Consider a contrived example using a JSON object such as this, where I want to extract the related id, firstname, and lastname fields for each of many array objects into shell variables for further (non-JSON) processing.
{
"customers": [
{
"id": 1234,
"firstname": "John",
"lastname": "Smith",
"other": "fields",
"are": "present",
"here": "etc."
},
{
"id": 2468,
"firstname": "Janet",
"lastname": "Green",
"other": "values",
"are": "probably",
"here": "maybe"
}
]
}
For simple data I can use this,
jq -r '.customers[] | (.id + " " + .firstname + " " + .lastname)' <data.json |
while IFS=' ' read id firstname lastname
do
# More processing, but omitted for the example
printf '%s -- %s -- %s\n' "$id" "$firstname" "$lastname"
done
Output
1234 -- John -- Smith
2468 -- Janet -- Green
but of course this will fail with double-barrelled firstname values such as Anne Marie.

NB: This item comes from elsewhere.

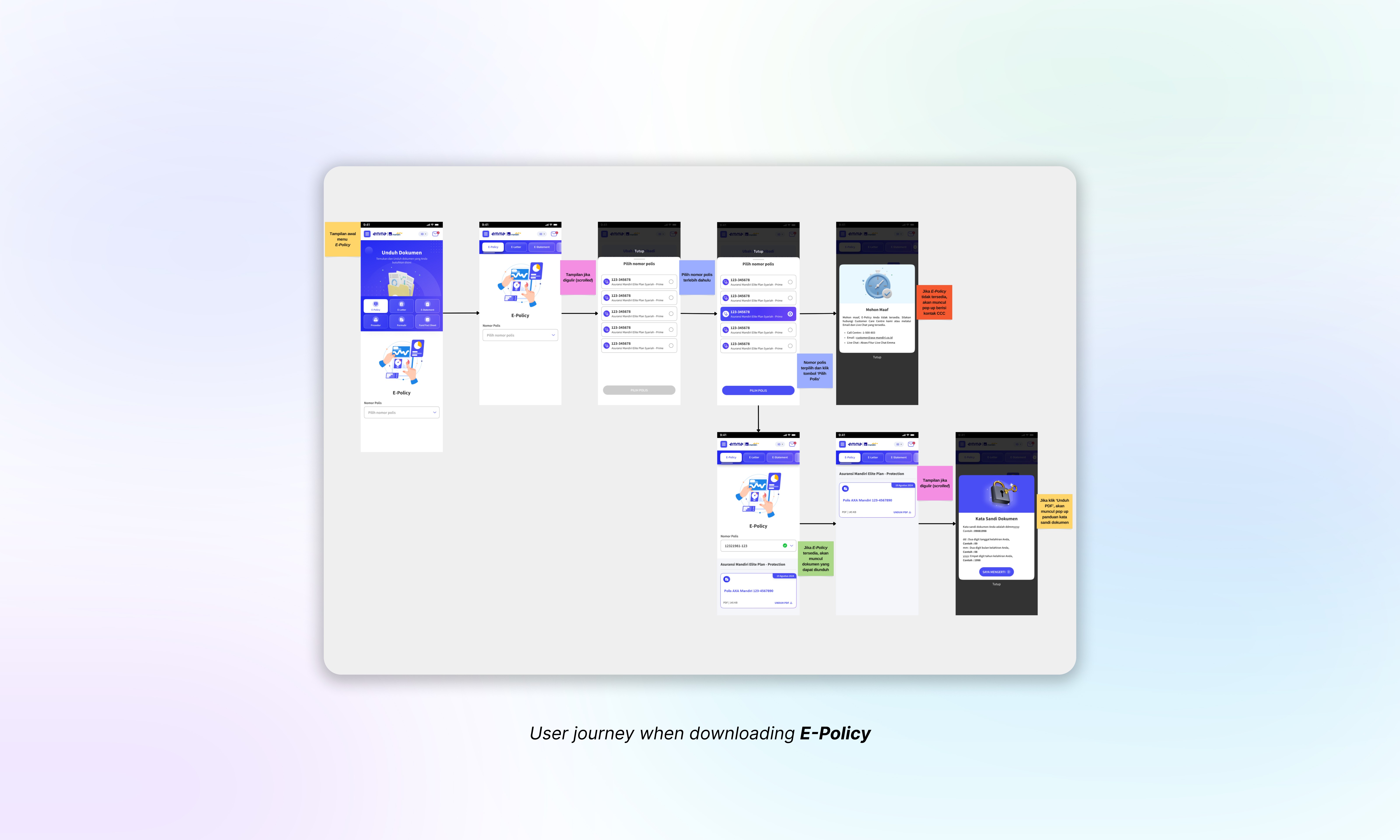 For E-Policy, E-Letter, and E-Statement, only users with customer or employee roles (with AXA Mandiri policies) are able to access them by entering their password, while guests without a policy are still able to download Procedure, Form, and Fund Fact Sheet documents.

Changing the separator to another character such as # feels more like a fudge than a solution but could be acceptable.
For more complex situations I might pick out the list of id values and then trade speed for accuracy by going back to extract the corresponding firstname and lastname elements. Something like this:
jq -r '.customers[].id' <data.json |
while IFS= read id
do
block=$(jq -r --arg id "$id" '.customers[] | select(.id == $id)' <data.json);
firstname=$(jq -r '.firstname' <<<"$block")
lastname=$(jq -r '.lastname' <<<"$block")
# More processing, but omitted for the example
printf '%s -- %s -- %s\n' "$id" "$firstname" "$lastname"
done
Output
1234 -- John -- Smith
2468 -- Janet -- Green
However, neither of these is both correct and efficient. While I'm not going to be running the real code at a high frequency, I'd like to understand if there is a more appropriate way of getting multiple data elements safely and efficiently out of a JSON object structure and into shell variables?